Celui que tu veux voir est plus loin ; même crime
L'a fait comme Éphialte enchaîner dans l'abîme,
Mais il est plus horrible encore à contempler. »
Éphialte à ces mots a secoué ses chaînes.
Dans le monde jamais tempêtes souterraines
N'ont fait si bruyamment tours et remparts trembler.
De ma mort je crus bien que l'heure était sonnée ;
Et si je n'avais vu la grande ombre enchaînée,
Je mourais de la peur qui déjà me glaçait.
Vers Antée en avant nous marchons : je m'arrête.
De cinq aunes au moins, sans comprendre la tête,
Le corps de ce géant hors du puits se dressait.
— « Toi qui, dans la vallée où, subjuguant Carthage,
Scipion fit de gloire un si grand héritage,
Sur ce sol bienheureux qui vit fuir Annibal,
Égorgeas en un jour cent lions et panthères !
O toi dont on a dit que si, près de tes frères,
Ton bras eût soutenu leur combat inégal,
La victoire eût été pour le fils de la Terre !
Descends-nous jusqu'au fond de votre noir cratère,
En bas, où le Cocyte est glacé dans son cours.
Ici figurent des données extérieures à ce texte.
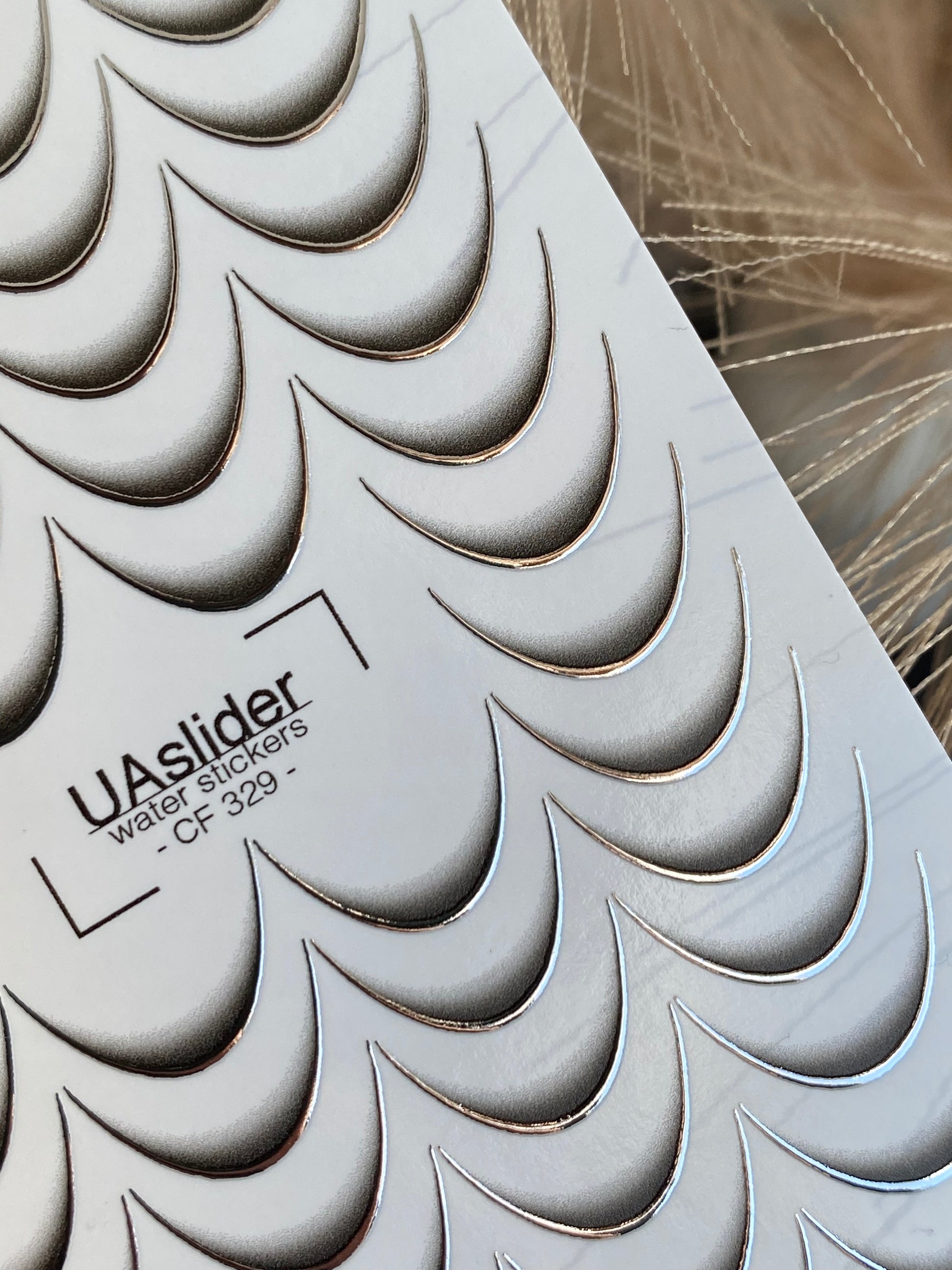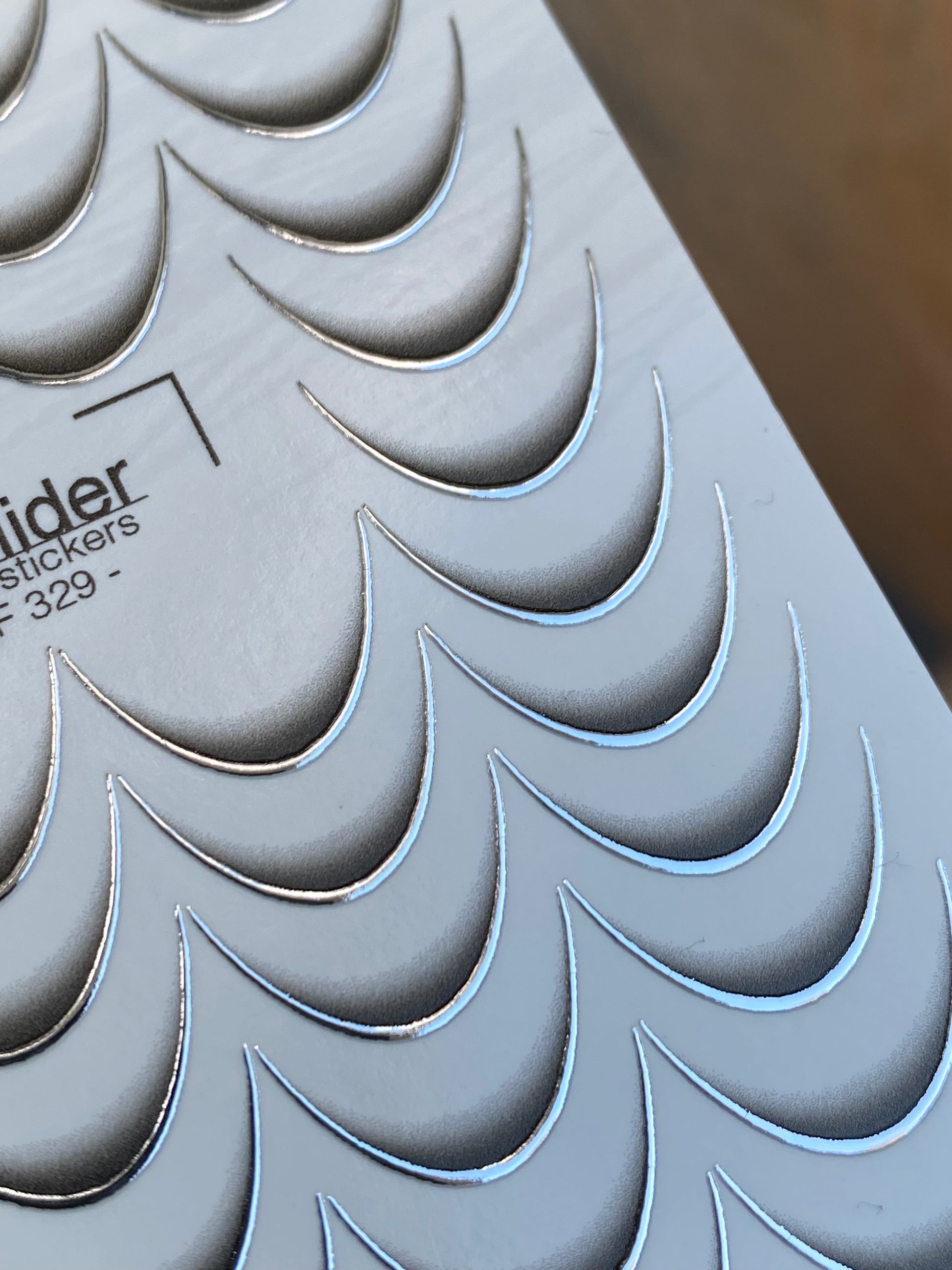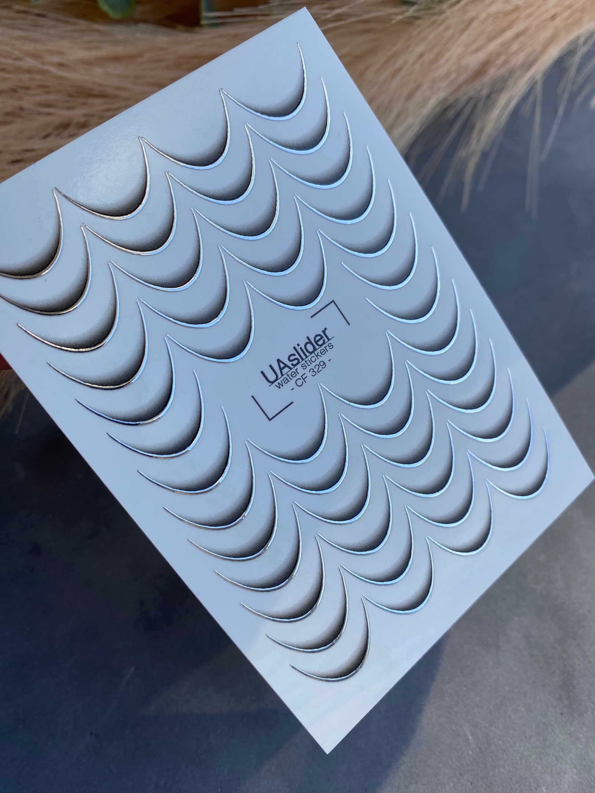 Anspruchsvolle French Water Slide Nagelaufkleber mit einem rauchigen Schwarz-zu-Grau-Verlauf und eleganten silbernen Umrissen. Perfekt, um moderne French Maniküren mit einem kühnen, eleganten Twist zu kreieren.

Garde que nous allions à Typhon ou Tithye !
Cet homme peut donner ce qu'ici l'on envie ;
Prends donc un air plus doux, et viens à son secours.
Il peut parler de toi sur la terre mortelle ;
Car il vit, et trop tôt si le Ciel ne l'appelle,
Il lui reste des jours nombreux à parcourir. »
Ainsi parla mon maître, et sans le faire attendre,
Le géant étendit ses deux mains pour le prendre,
Ces mains dont autrefois Hercule eut à souffrir.
Quand Virgile sentit cette robuste étreinte :
« Que je te prenne aussi, me dit-il ; viens sans crainte. »
Il dit, et dans ses bras je me laissai presser.
Comme, par un effet bizarre de mirage,
Sur la Carisenda, lorsque passe un nuage,
La tour semble au regard prête à se renverser :
Tel me parut Antée alors que de la rive
Je le vis s'incliner ; mon angoisse fut vive;
Je tremblais sur le dos du monstre réprouvé.
Mais déjà le géant au fond du sombre abîme
Où, près de Lucifer, Judas pleure son crime,
Doucement nous dépose, et, sitôt qu'arrivé,
Comme un mât de vaisseau, debout s'est relevé.